Whooping cough vaccine from the turn of the century could be a cure for food allergies with shocking research showing cases more than DOUBLED after it was phased out

  • Rates of kids with food allergies have risen substantially since 1999
  • Spike came after an older ‘whole cell’ vaccine was phased out that year
  • Researchers tested if the original vaccine could prevent food allergies in kids
  • Scientists still urged parents to get kids immunised against whooping cough

A whooping cough vaccine that was phased out in the late 1990s could hold the cure to food allergies, a new study has found.  

The number of Australian children with food allergies has more than doubled since 1999 – around the same time the older ‘whole cell’ immunisation was replaced with the current whooping cough vaccine. 

Experts from the Journal of Allergy and Clinical Immunology found the number of cases then skyrocketed by a further 50 per cent between 2005 and 2012.

The alarming statistics prompted Australian researchers to examine whether the original ‘whole cell’ vaccine could actually prevent kids from getting food allergies. 

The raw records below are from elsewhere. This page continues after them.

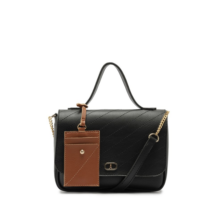 Bolsa tiracolo média, com porta-cartão, na cor preta. O modelo vem para a temporada com shape retangular e estruturado. No tamanho M, de material similar ao couro, possui detalhe de acabamento em costura matelassê com design na diagonal, no tampo da peça. Traz alça longa transversal, com aplicação de correntaria imponente. Com fecho no tampo, por botão de ímã. Traz aplicação de cápsula em metal Anacapri, centralizada na parte inferior do tampo, na capa frontal. Acompanha bag charm com porta-cartão, com três divisórias, no mesmo tom da peça, com aplicação de rebite metálico e costura ornamental no contorno. O acessório é removível e pode ser utilizado separadamente da bolsa.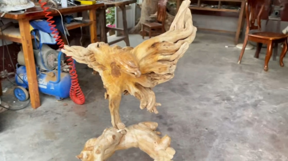 在泰安市泰山区徐家楼街道琵琶湾村的老久木艺工作室,第五代传人刘伟匠心雕琢的根雕《大展宏图》惊艳亮相。作品选材天然老根,遵循“巧藉天然”理念,依循树根“稀、奇、古、怪”的自然形态顺势创作,将人工巧思与自然之美完美融合。上百把刀具轮番上阵,三角刀细刻羽毛纹理,平刀勾勒雄姿轮廓,经半月精雕细琢,雄鹰展翅的造型栩栩如生,寓意新春展翅高飞、前程似锦。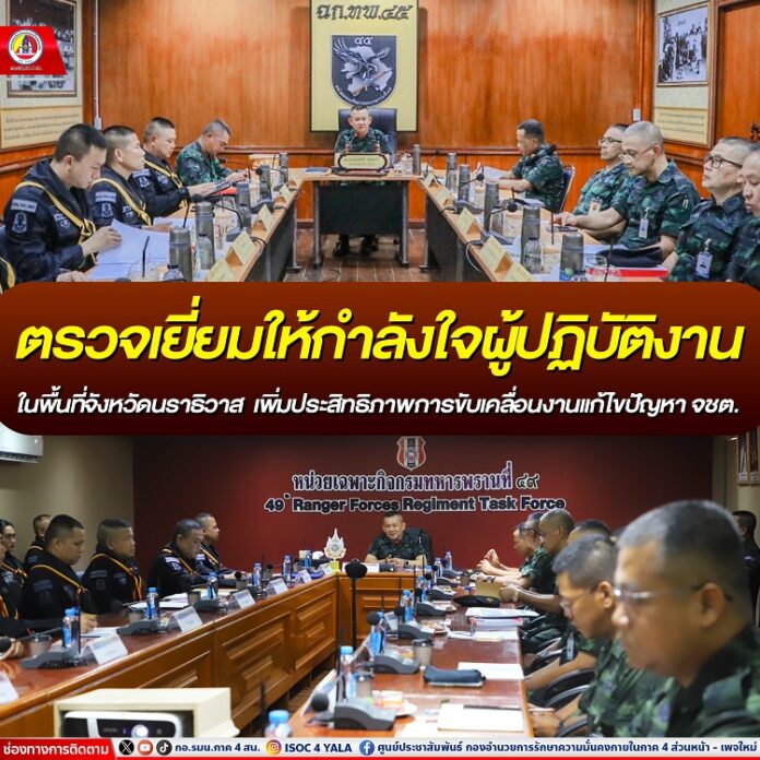 เมื่อวันนี้ (23 กุมภาพันธ์ 2567) เวลา 09.40 น. พลตรี เกรียงศักดิ์ วัฒนเกริก รองผู้อำนวยการรักษาความมั่นคงภายในภาค 4 ส่วนหน้า ลงพื้นที่ตรวจเยี่ยมให้กำลังใจกำลังพลผู้ปฏิบัติหน้าที่ในพื้นที่จังหวัดชายแดนภาคใต้ ประกอบด้วย หน่วยเฉพาะกิจกรมทหารพรานที่ 49 และหน่วยเฉพาะกิจกรมทหารพรานที่ 45 พร้อมรับฟังการบรรยายสรุป ตลอดจนปัญหาข้อขัดข้องในการปฏิบัติ เพื่อเพิ่มประสิทธิภาพในการขับเคลื่อนงานการแก้ไขปัญหาจังหวัดชายแดนภาคใต้ต่อไป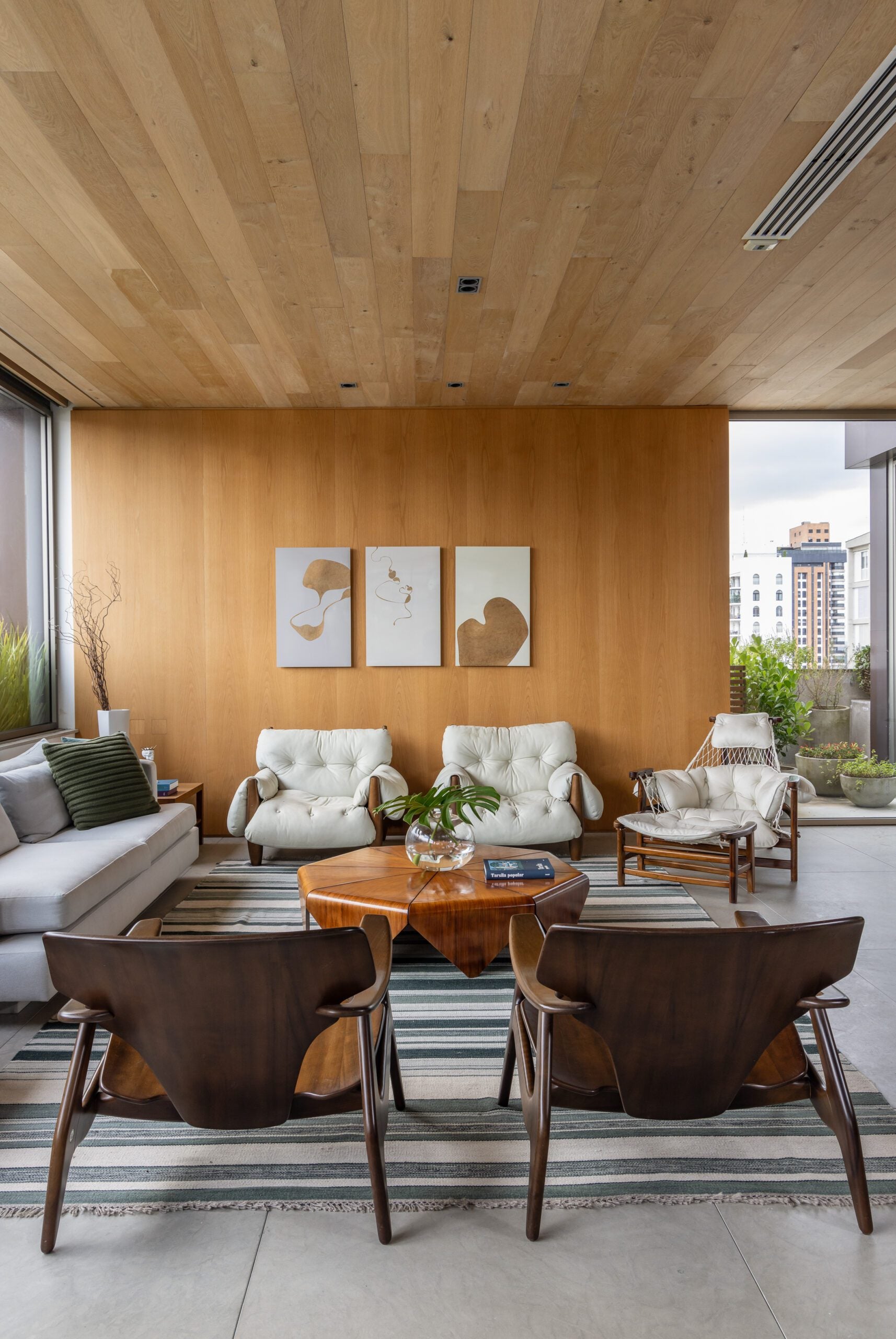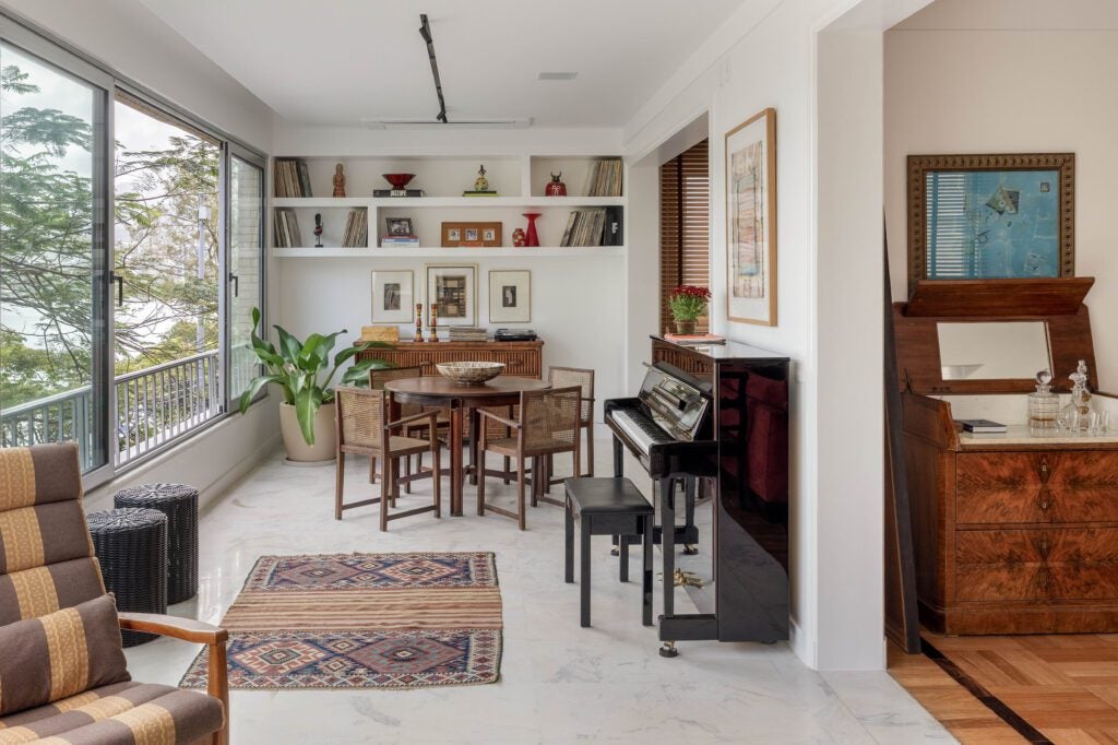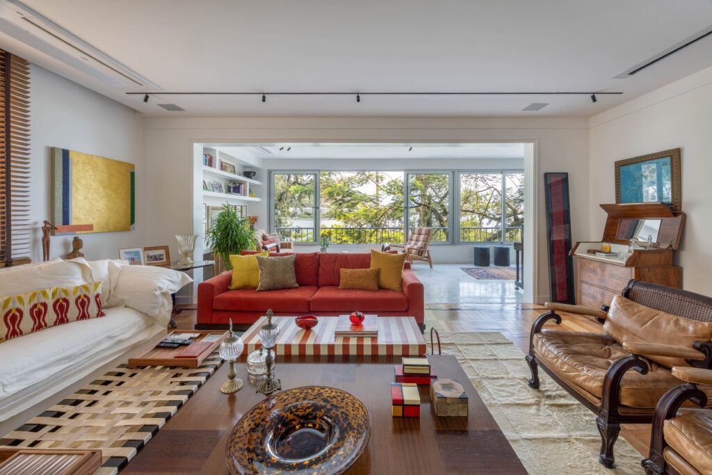 O apartamento é novo, mas a história que ele abriga vem de longe. Adquirido para uma fase de vida mais simples e prática, o imóvel de 320 m² na Lagoa marca a mudança da família de uma casa de 1.500 m² na Gávea para um endereço mais compacto, sem abrir mão de conforto, identidade e afeto. O novo lar nasce, sobretudo, do reaproveitamento de um acervo construído ao longo de décadas, reunindo mobiliário, obras de arte e memórias que atravessam o tempo.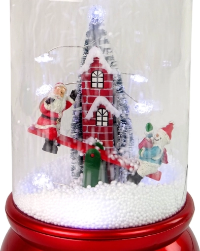 Táto vianočná dekorácia kombinuje krásu tradičnej snehovej gule s modernými funkciami. Integrované čerpadlo rozvíri umelý sneh, ktorý padá zhora a vytvára realistický efekt zimnej fujavice. Vo vnútri nájdete veselého Santu so snehuliakom na hojdačke a vysoký tehlový komín s vianočným stromčekom – scéna, ktorá poteší deti aj dospelých.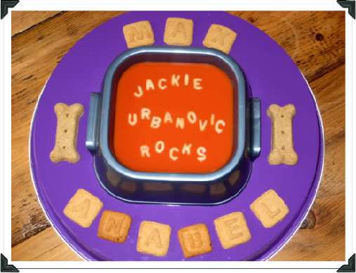 So, are you ready to help me congratulate Jackie on another fabulous book? I’m sure Max wouldn’t mind your paddling around the soup in celebration. For those of you of the canine persuasion (like Brody and Anabel), feel free to lap directly from the dish, then bark your good wishes!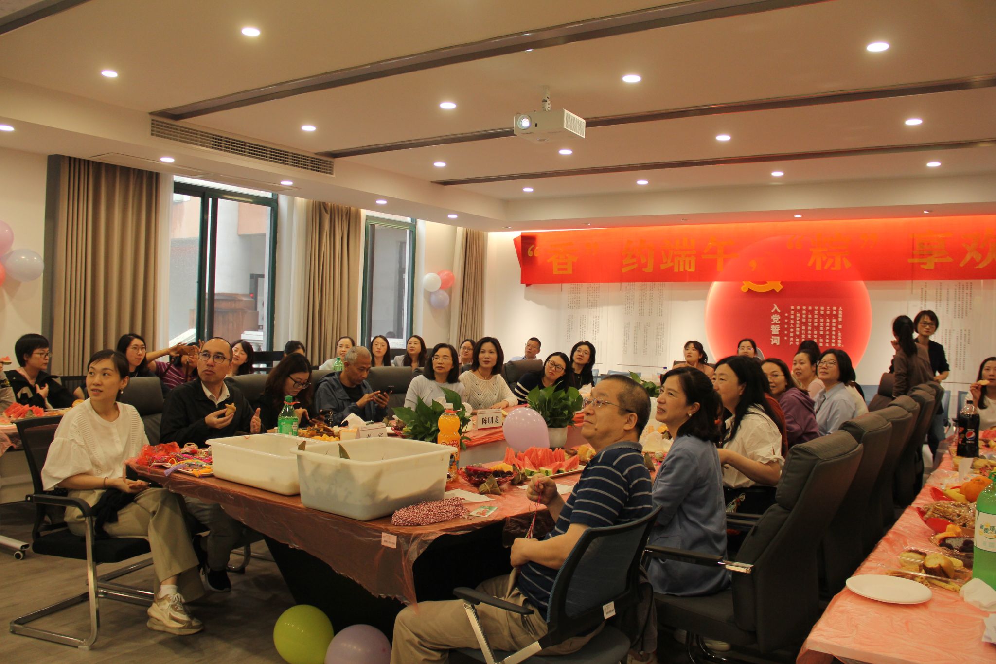 在同仁楼B104举办了以“香”约端午,“粽”享欢乐为主题的工会活动。学院教职工与外教欢聚一堂,共同体验端午文化活动。
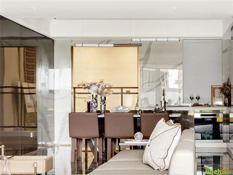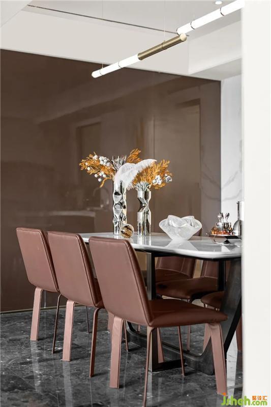紅棕色皮革餐椅與纖細藝術吊燈的組合,在大理石地面的映襯下,譜寫著低調的奢華,透露出精致而時尚的就餐氛圍。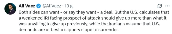 Ekspert Ali Vaez z Crisis Group wskazał w serwisie X że tak potężna mobilizacja sił ma na celu odstraszenie Teheranu przed wykonaniem pierwszego ruchu przy jednoczesnym potęgowaniu izolacji dyplomatycznej kraju.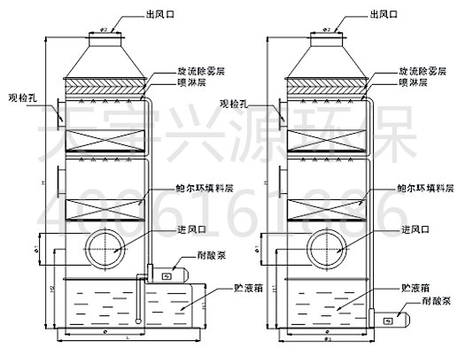 廢氣凈化塔利用氣體與液體間的接觸,而將氣體中的污染物傳送到液體中,然后再將清潔氣體與被污染的液體分離,達(dá)到清凈空氣的目的。廢氣經(jīng)由填充式廢氣凈化塔,采用氣液逆向吸收方式處理,即液體自塔頂向下以霧狀(或小液滴)噴撒而下。廢氣則由塔體(逆向流)達(dá)到氣液接觸之目的。此處理方可冷卻廢氣、調(diào)理氣體及去除顆粒,再經(jīng)過除霧段處理后,排入大氣中。洗滌后,廢液收集至集水槽中,再排放至廢水系統(tǒng)處理。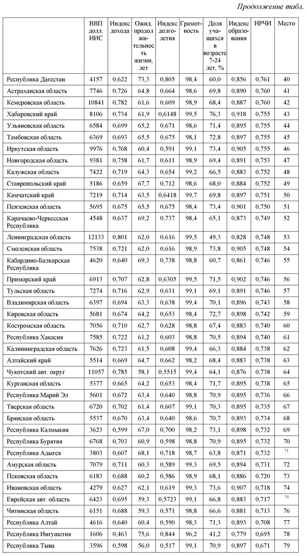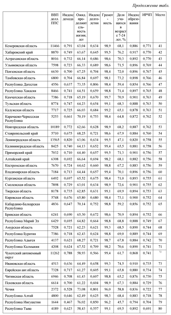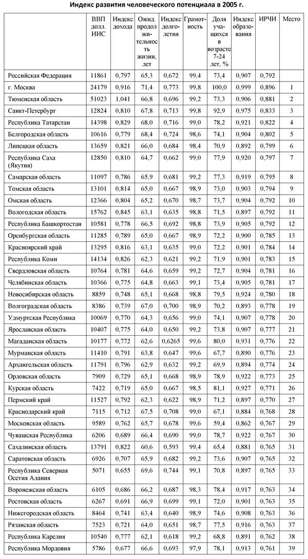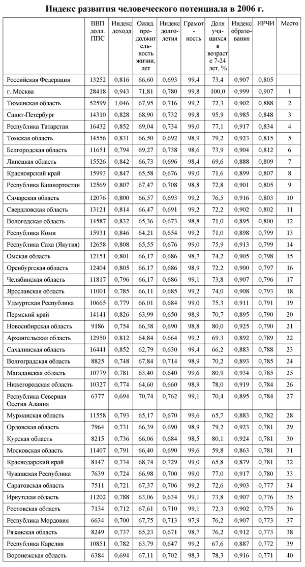 На самом деле ИРЧП в России не дает полного представления, ибо является среднеарифметическим индексом регионов, где ситуация заметно, даже радикально, отличается друг от друга. Так, региональный ИРЧП г.Москвы (0,896 - в 2005 г. и 0,907 - в 2006 г.), как и все его составляющие, вполне сопоставим с соответствующими показателями развитых стран. Если же в качестве противоположного примера взять Республику Тыву, то ИРЧП (в основном из-за показателей душевого дохода и продолжительности жизни) будет составлять 0,671 и 0,691 за 2005-2006 годы соответственно[4].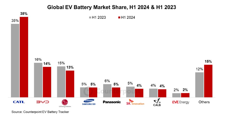 隨著全球電動車市場需求攀升,電池供應市場的競爭日益激烈。根據 Counterpoint Research 2024 年上半年數據顯示,中國電池供應商掌握約 66% 的全球市佔率,穩居市場主導地位。以寧德時代(CATL)為例,其政府補貼在今年上半年增長至 5.47 億美元,使其在生產成本與市場擴展上更具優勢。隨著越來越多車企選擇成本相對較低的磷酸鐵鋰電池(LFP),中國供應商的優勢更形明顯。

The number of kids with food allergies has risen substantially since 1999 - around the same time it was replaced with a new whooping cough vaccine

The number of kids with food allergies has risen substantially since 1999 – around the same time it was replaced with a new whooping cough vaccine

Lead researcher Professor Tom Snelling said both vaccines prevent the deadly respiratory infection, but the old one has the additional benefit of reducing allergies in children

Lead researcher Professor Tom Snelling said both vaccines prevent the deadly respiratory infection, but the old one has the additional benefit of reducing allergies in children

Experts researched the cases of more than 500 children who had been diognosed with serious food allergies over the past two decades. 

The study found the kids who were given at least one dose of the original whole cell vaccine in the late 1990s were 23 per cent less likely to suffer from food allergies.   

Despite the breakthrough, scientists still urged parents to get their kids immunised against whooping cough.

Lead researcher Professor Tom Snelling said both vaccines prevent the deadly respiratory infection, but the old one has the additional benefit of reducing allergies in kids. 

‘These allergies occur when the immune system reacts to everyday substances such as different types of food,’ Professor Snelling told The Age. 

‘We believe that by harmlessly mimicking infections, some vaccines such as the whole-cell whooping cough vaccine have the potential to help steer the immune system away from developing allergic reactions.

‘[We believe] a single initial dose of the whole cell vaccine might have the additional benefit of partially protecting young babies against developing life-threatening food allergies.’

Paediatric immunologist Richard Loh said the results were promising, but further tests were needed to determine why 10 per cent of all Australian infants are diagnosed with food allergies.  

Food allergies in Australians

The number of children with a food allergy or food-related immune disorder has increased dramatically in the last 10 years

Food allergy symptoms can be mild, such as hives or swelling, or severe and effect breathing

Melbourne has the highest rate of children with food allergies, about 7,000 babies develop symptoms every year

The most common triggers are egg, cow’s milk, peanut, tree nuts, sesame, soy, fish, shellfish, and wheat.